Terapia para anorexia nervosa passa pelo tratamento dos pais

Estudo aponta para a necessidade de capacitação da família dos pacientes adolescentes

O desafio do pesquisador é prevenir a obesidade sem produzir transtorno alimentar (Fonte: Marcos Santos/USP Imagens)

Um transtorno alimentar grave que se manifesta mais comumente na adolescência. O tratamento para anorexia nervosa é longo, duro, exige participação ativa de pais e familiares e, mesmo assim, metade ainda permanece com sintomas importantes. O pesquisador do Instituto de Psicologia da USP, Felipe Alckmin Carvalho, em seu doutorado, “Desenvolvimento e avaliação dos efeitos de uma intervenção psicoterápica destinada a adolescentes com anorexia nervosa e a seus pais: coletânea de casos”, apresenta uma nova saída: o suporte paralelo aos pais dos pacientes.

“O meu interesse pela tese surgiu a partir da constatação de que há poucas intervenções que cuidam dos pais de adolescentes com anorexia nervosa, que eu compreendo como um adoecimento familiar”, explica o psicólogo.

Seu tratamento cuida dos pais simultaneamente aos filhos, através de sessões capazes de promover habilidades socioemocionais e capacitá-los para trabalharem ativamente no combate ao distúrbio, evitarem recaídas e aprenderem a lidar com tal transtorno.

Ele conta que seu dispositivo clínico tem a participação dos pais como protagonistas, os quais eram considerados culpados pelo adoecimento de seus filhos. Por sua vez, Felipe faz-se valer da atuação deles na realimentação e manejo comportamental, atividades para as quais muitas vezes não estão preparados. 

O paciente com anorexia não tem condição de escolher o que comer, a quantidade, a hora. Dessa maneira, seu tratamento é desgastante, uma vez que os familiares precisam acompanhar, em tempo integral, a prescrição do nutricionista. “Em transtornos alimentares, não existem remédios”, salienta o pesquisador, apontando para a importância do preparo psicológico dos pais dos pacientes.

Felipe ainda reafirma a função protagonista dos familiares: “Eu costumo dizer que, no começo do tratamento, o adolescente está completamente controlado pelo transtorno”. Assim, quem fica responsável pelas primeiras fases do tratamento, são os pais.
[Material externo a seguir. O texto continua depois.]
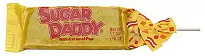 Sugar Daddy is a candy bar on a stick manufactured by Tootsie Roll Industries that is essentially a block of moderately hard caramel. A bite-sized caramel-flavored jelly bean candy based on the Sugar Daddy is marketed under the name Sugar Babies.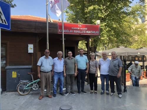 İYİ Parti Karesi İlçe Başkanı Cahit Can Tekin ve ilçe yönetim kurulu üyeleri, Karaoğlan Mahallesi’nin yeni seçilen Muhtarı Mesut Kobak'ı makamında ziyaret etti. Ziyarette yeni seçilen muhtara hayırlısı olsun dileklerini ileten İYİ Parti Heyeti mahalle sorunları ve çözüm önerileri üzerine karşılıklı görüş alışverişi gerçekleştirdi.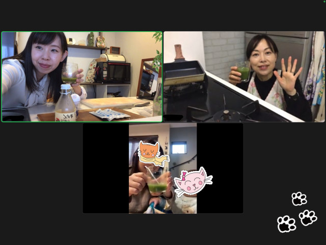 zoomで各ご自宅から青汁料理にチャレンジしました(^^)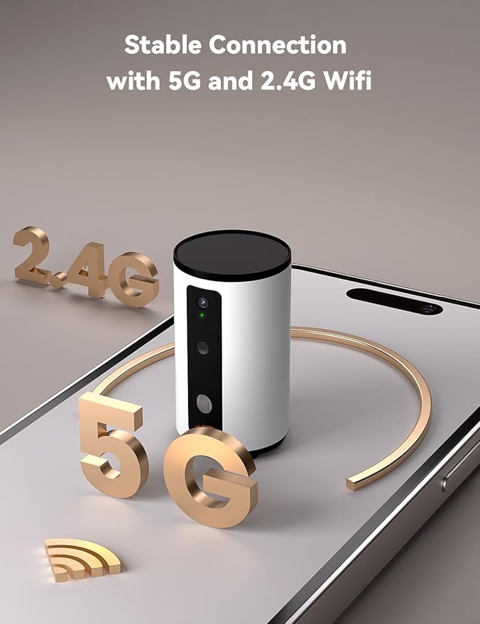• Smart APP Control: WOPET Smart Pet Camera is compatible with both 5GHz and 2.4GHz WiFi systems, allowing you to program and monitor your pet's meals anywhere and anytime, to see,talk, play, and interact with your pet.Connect with your pet while you are away with the supported audio chat/recording.Sharing your favorite moment on social media directly if preferred.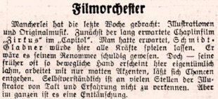 Mancherlei hat die letzte Woche gebracht: Illustrationen und Originalmusik. Zunächst der lang erwartete Chaplinfilm
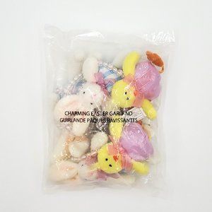 Charming Easter / spring garland from Avon (2006). Includes 3 miniature stuffed bunnies and 2 chicks joined by colorful iridescent beads. Attached loops on each end for hanging.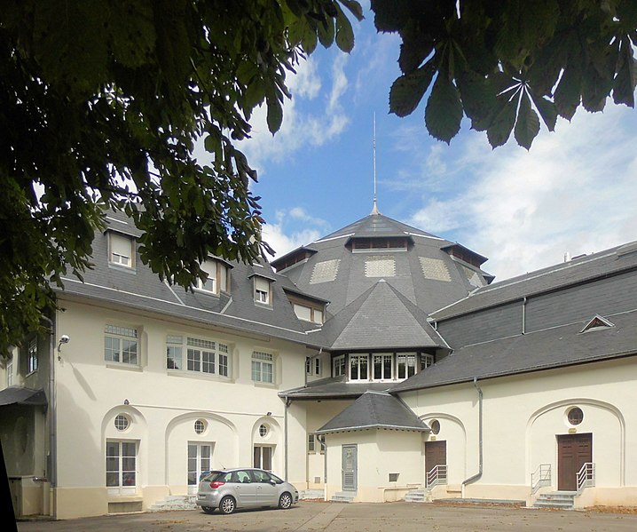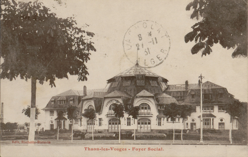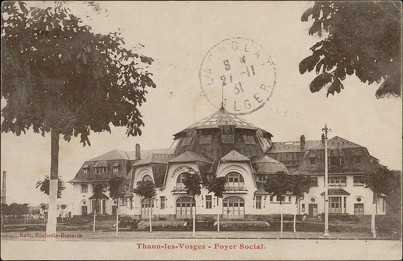 La Rotonde est un foyer patronal destiné à accueillir de multiples activités sociales, sportives et culturelles ; il comprenait notamment un théâtre et des salles de sociétés. Sa construction a débuté en 1910 à l'initiative de l'entreprise de blanchisserie et teinturerie de Thaon, propriétaire d'une cité ouvrière de 1 300 logements. Son plan en forme de croix de Lorraine est l'œuvre de l'architecte Desclers, qui propose un parti mi-régionaliste, mi-moderne. L'édifice a été prolongé par des extensions réalisées par l'architecte Albert Hébrard en 1920. La grande salle de la rotonde est décorée de peintures murales par Löys Prat.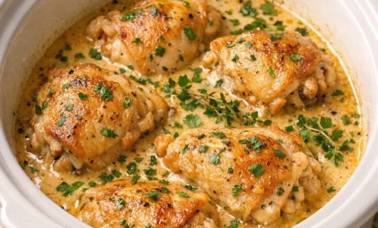 Creamy Garlic Chicken Thighs (Slow Cooker Recipe)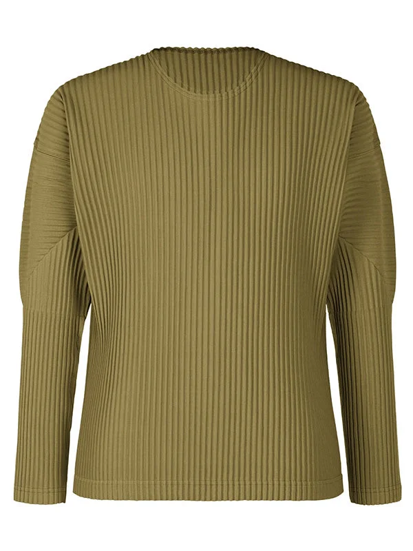 LONG-SLEEVE PLEATS T-SHIRT - OLIVE KHAKI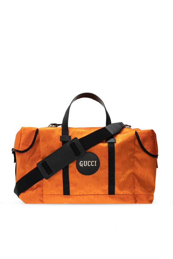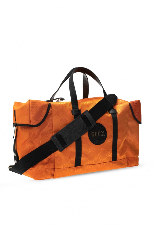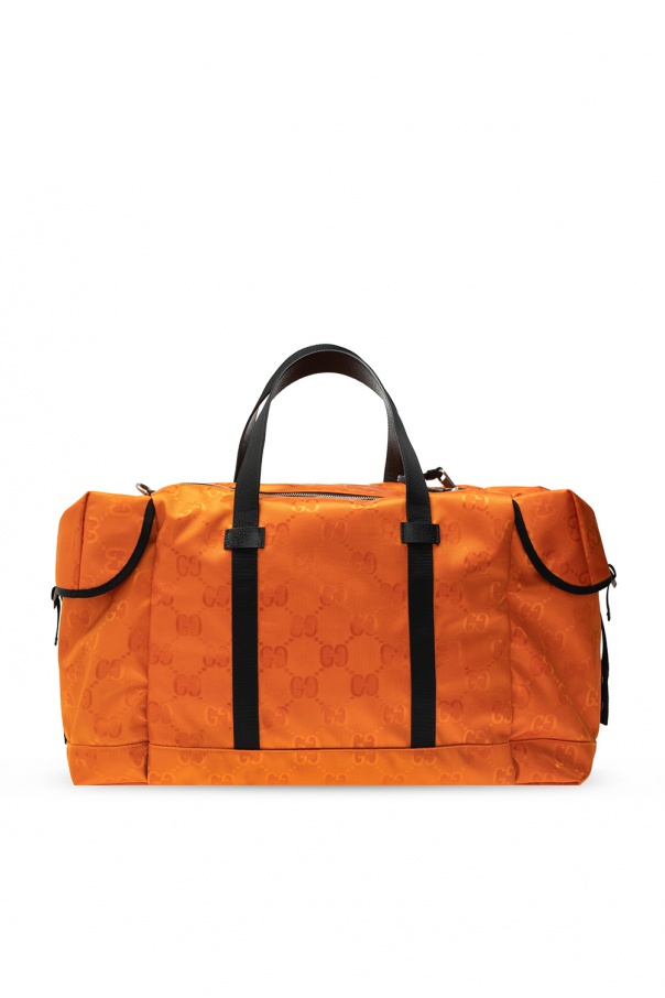 Orange duffel bag from Gucci, the ‘Off The Grid’ collection. Crafted from the innovative ECONYL material, this item features an all-over GG pattern in jacquard, black leather trims, zip closures, two slip flap pockets with strap closures on the sides, two half-round handles, a detachable shoulder strap and one internal compartment. This item was entirely produced from recycled, organic and sustainable sourced materials. It comes with a FSC-approved recycled gift box. Each product from the Gucci ‘Off The Grid’ collection will be shipped with a dedicated booklet describing the collection, printed on FSC-certified recycled paper.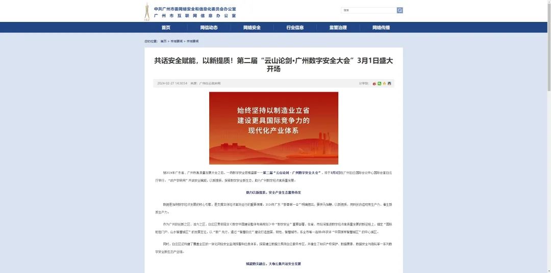 中共廣州市委網(wǎng)信辦官網(wǎng)報(bào)道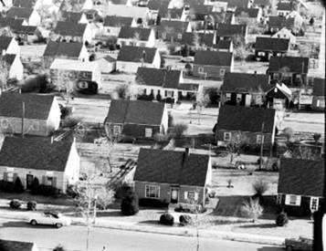 We haven’t even begun to touch suburban housing. In 1934, the Federal Housing Administration was created which subsidized middle class families moves to the newly developed suburbs. The Veterans Administration and the Federal Housing Administration’s (FHA) mortgage loan program provided over eleven million low-cost mortgages after WWII. These mortgages, which typically cost less per month than paying rent, only insured homes of a typical type and size – generally new single-family suburban construction. Furthermore, a home insured by the FHA was required to be of a certain size and quality desired by those of above-average means, to guarantee quick resale of the home. FHA did not support renovations of already-existing homes, construction of row houses, mixed-use buildings, and other urban housing types. These policies led to deterioration of the urban housing stock and disinvestment in existing urban housing.
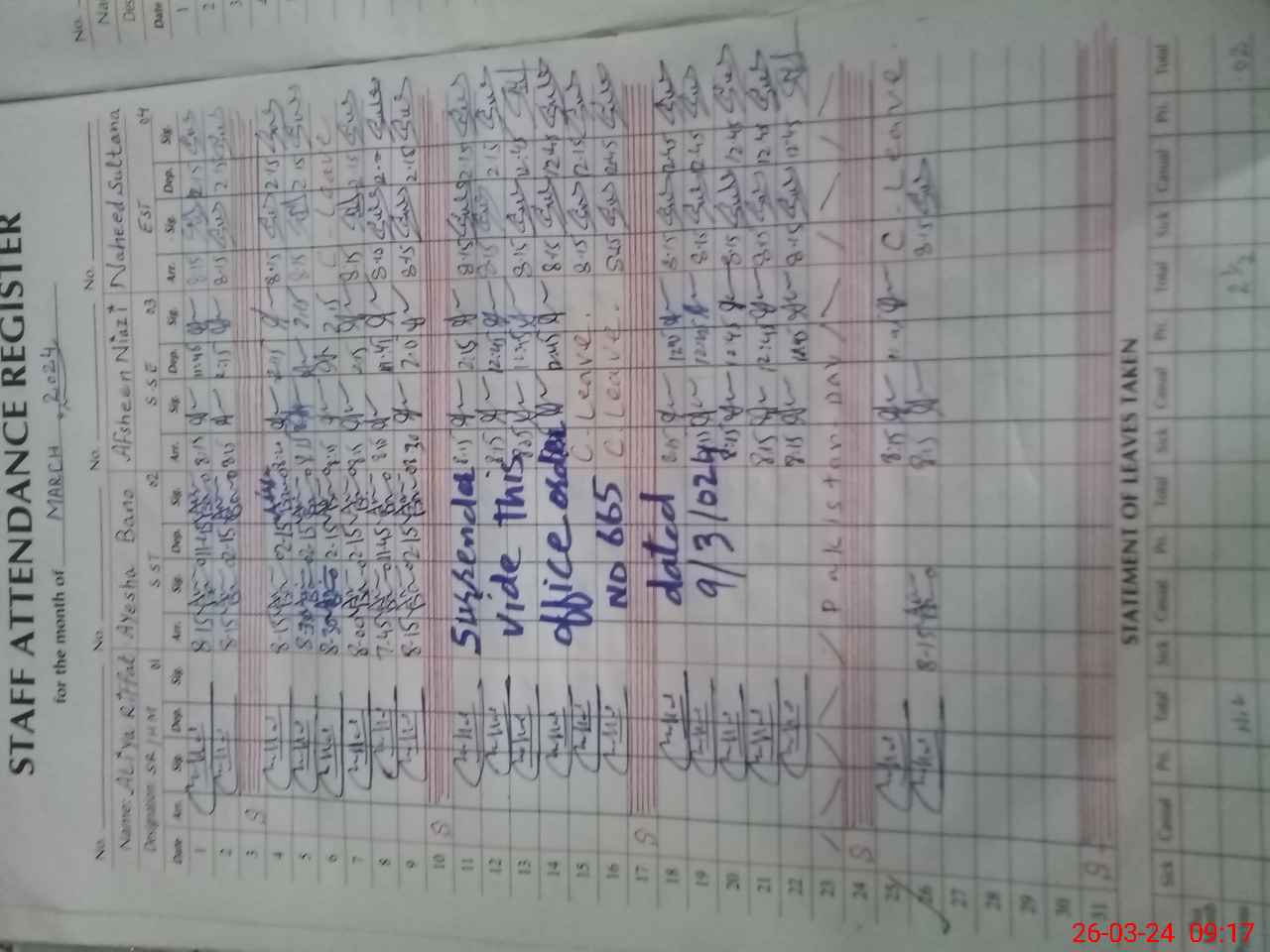 | Leave | Duty | Absent | Maternity | Medical | Ex- Pak |

Somente, à medida que o transtorno alimentar vai perdendo força, o adolescente vai se recuperando, e começa a ajudar na luta contra o distúrbio.
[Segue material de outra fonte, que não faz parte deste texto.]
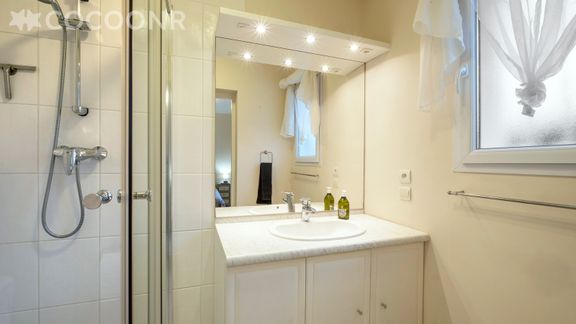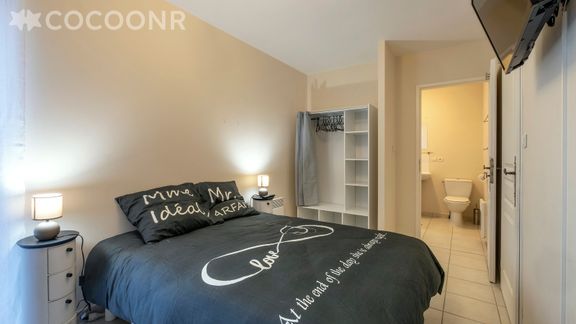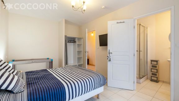 - Chambre 1 : un lit double (140×190) et une salle d'eau attenante avec douche, WC, draps et serviettes inclus.
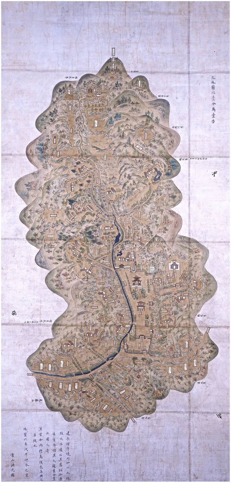 ※ 建長寺の歴史的背景を知る重要な手がかりとして、「建長寺延宝境内絵図」があります。これは延宝6年(1,678年)に、水戸黄門で知られる水戸光圀が、鎌倉時代より長い年月を経て荒廃した建長寺の復興を願い奉納したと伝えられており、四十九院の塔頭をかかえる盛時の姿を伝える重要な資料であります。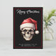 Cartão único de Natal Gótico de Caveira. Um design gótico invulgar com texto branco sobre fundo preto. Personalize facilmente com seus cumprimentos e nomes de ambos os lados.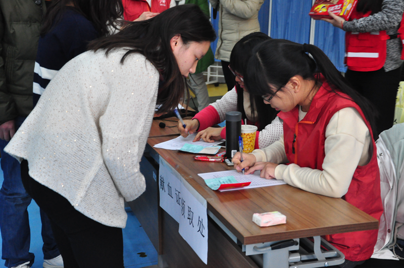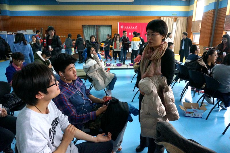 相对于漫漫献血“大军”,为此奋斗的志愿者也许并不引人注意。来自商学院的志愿者身着红马甲在队伍的前后穿梭,不仅要给每个前来排队的人发号码,发献血小册子,发需要填写的表格,还要给每个人检查证件,帮忙整理队伍,安抚未能顺利献血同学的情绪。在献血大厅的志愿者则要完成清点献血者人数,给献血者发放补给品,献血证等一系列工作。做着比同学们更多的准备而甘当幕后英雄,他们的工作态度也令人心生敬意。

A metodologia aplicada no projeto centrou-se a partir da análise de coletâneas de casos, muito comum em testes de novas modalidade de intervenção: quando ainda não apresentam resultado ou estudo prévios. A ideia foi testada em uma pequena quantidade de pacientes e, com os resultados bastante positivos, o pesquisador deseja expandir o número de famílias estudadas. 

“A coleta proporcionou momentos muito angustiantes. Alguns pacientes chegavam para o tratamento e, na semana, seguinte perdiam ainda mais peso. Houve um caso de uma das famílias não pode dar continuidade porque a paciente chegou a um nível de baixo peso tão extremo que, por risco de morte, ela precisou ser internada. Acompanhar as famílias foi muito angustiante”, conta o psicólogo sobre as dificuldades encontradas no projeto. 

Ele lamenta a falta de centros especializados nesse tipo de atendimento: “Hoje, no Brasil, só há uma uma unidade de tratamento especificamente destinada a crianças e adolescentes com transtornos alimentares. É muito difícil encontrar unidades que estão preparados e que entendem como tratar um transtorno alimentar”. 

O psicólogo reafirma a importância de uma equipe interdisciplinar para um tratamento que é muito difícil e custoso para o próprio profissional. “Eu vejo que, mesmo em grandes centros, há poucas pessoas capacitadas. É muito comum pacientes apresentarem um quadro grave de transtorno alimentar e ter que se deslocar distâncias em busca de tratamento adequado”. E ainda completa: “Sem dúvida, o tema de transtornos alimentares deve ser tratado como uma questão de saúde pública”. 

Para ele o grande desafio, enquanto pesquisador e clínico, é buscar entender como prevenir a obesidade sem produzir transtorno alimentar: “Muitos dos nossos pacientes aparecem na clínica com transtornos alimentares, a partir do engajamento numa dieta restritiva muitas vezes prescrita por nutricionistas”, explica.